-- WHAT YOU WILL DO --
Starting at the line that contains "The front bucket" and stopping at the line that contains "Vertical Align: Align", transcribe every line of the material below exactly; pictures stay out.

-- DATA SEGMENT --
=== Section Start ===

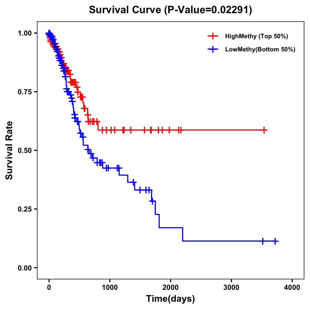 | Survival Curve of Stomach Cancer of Expression | Survival Curve of Stomach Cancer of Methylation | ||
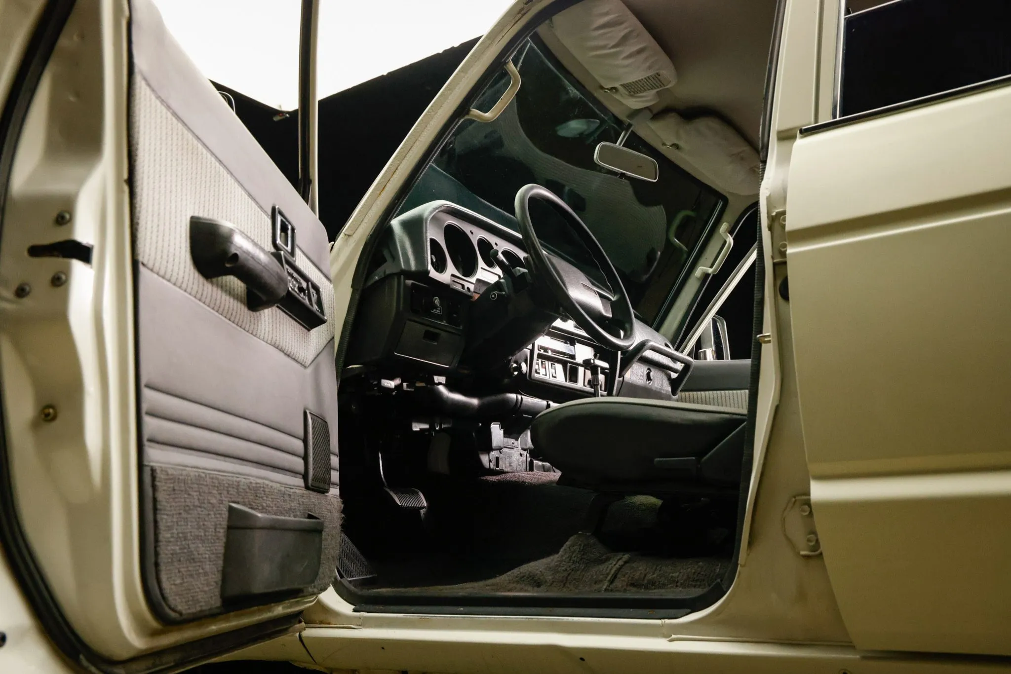 The front bucket seats and rear bench have been reupholstered in gray and white perforated vinyl, and a touchscreen infotainment system has been installed. Further appointments include air conditioning, power windows, a hand throttle, and a rear window defroster.
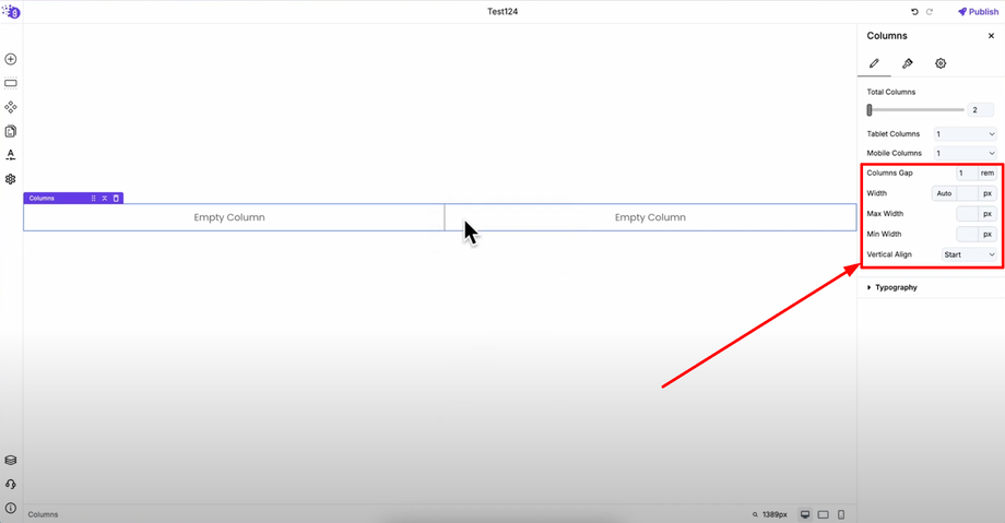 Vertical Align: Align your columns to start, center, or end positions vertically for precise content positioning within your layout.
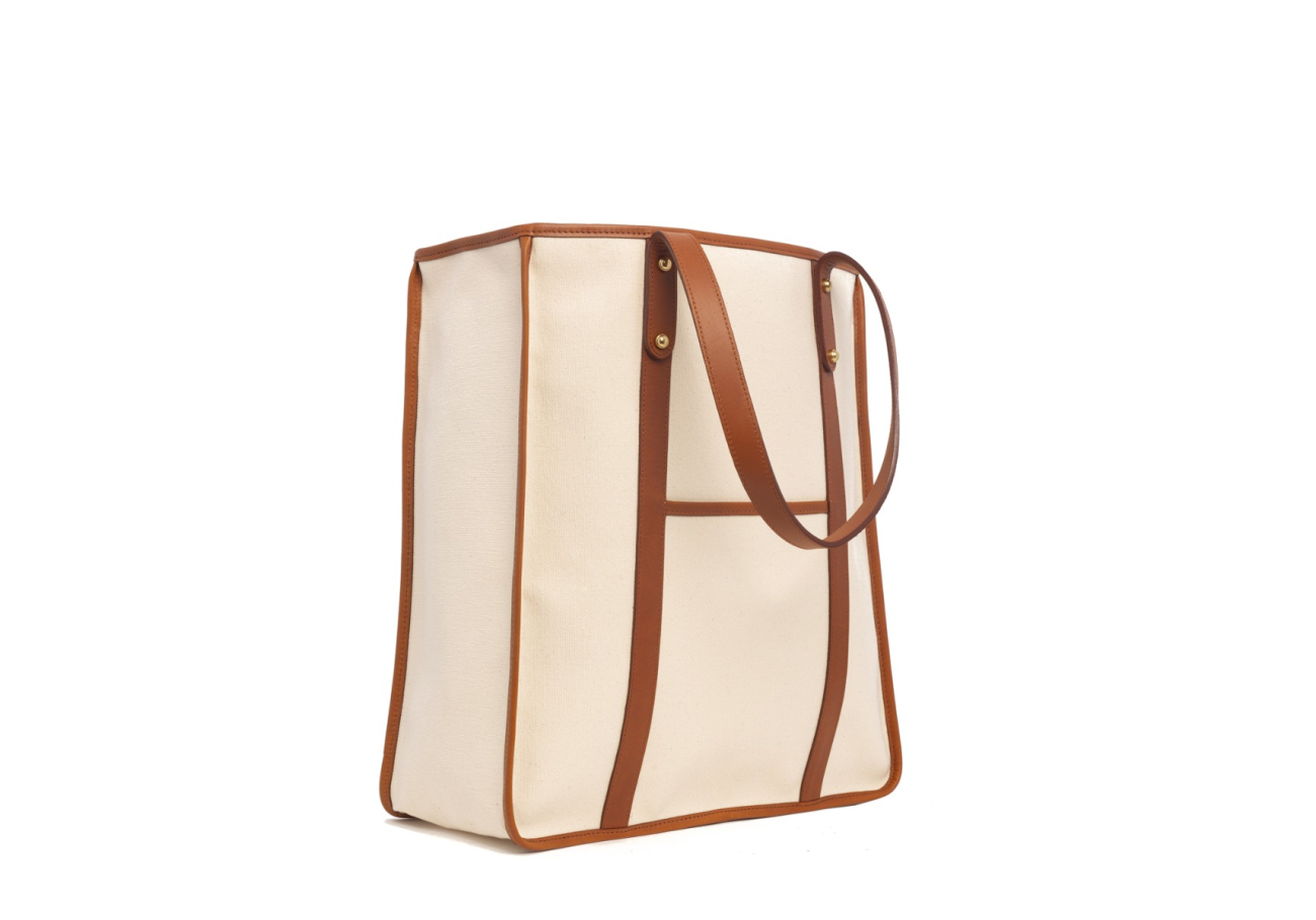 These Market Totes are in brand-new condition. The only issue is that the top binding, where the leather wrap starts and ends at the gusset side, doesn’t align perfectly due to a machine error during finishing. Rather than taking them apart for adjustment, we’re offering them at a discounted rate. With simple and sturdy details, our Market Tote is a great casual alternative that will make running errands that much easier. With dual pockets for keeping things organized on the outside while allowing for maximum reusability on the inside, you will want to reach for this practical companion again and again. These Market Totes are in brand-new condition. The only issue is that the top binding, where the leather wrap finishes and is closed off, doesn’t align perfectly due to a machine error during finishing. Rather than taking them apart for adjustment, we’re offering them at a discounted rate.

=== Section End ===

-- EXERCISE SOLUTION --
 The front bucket seats and rear bench have been reupholstered in gray and white perforated vinyl, and a touchscreen infotainment system has been installed. Further appointments include air conditioning, power windows, a hand throttle, and a rear window defroster.
 Vertical Align: Align your columns to start, center, or end positions vertically for precise content positioning within your layout.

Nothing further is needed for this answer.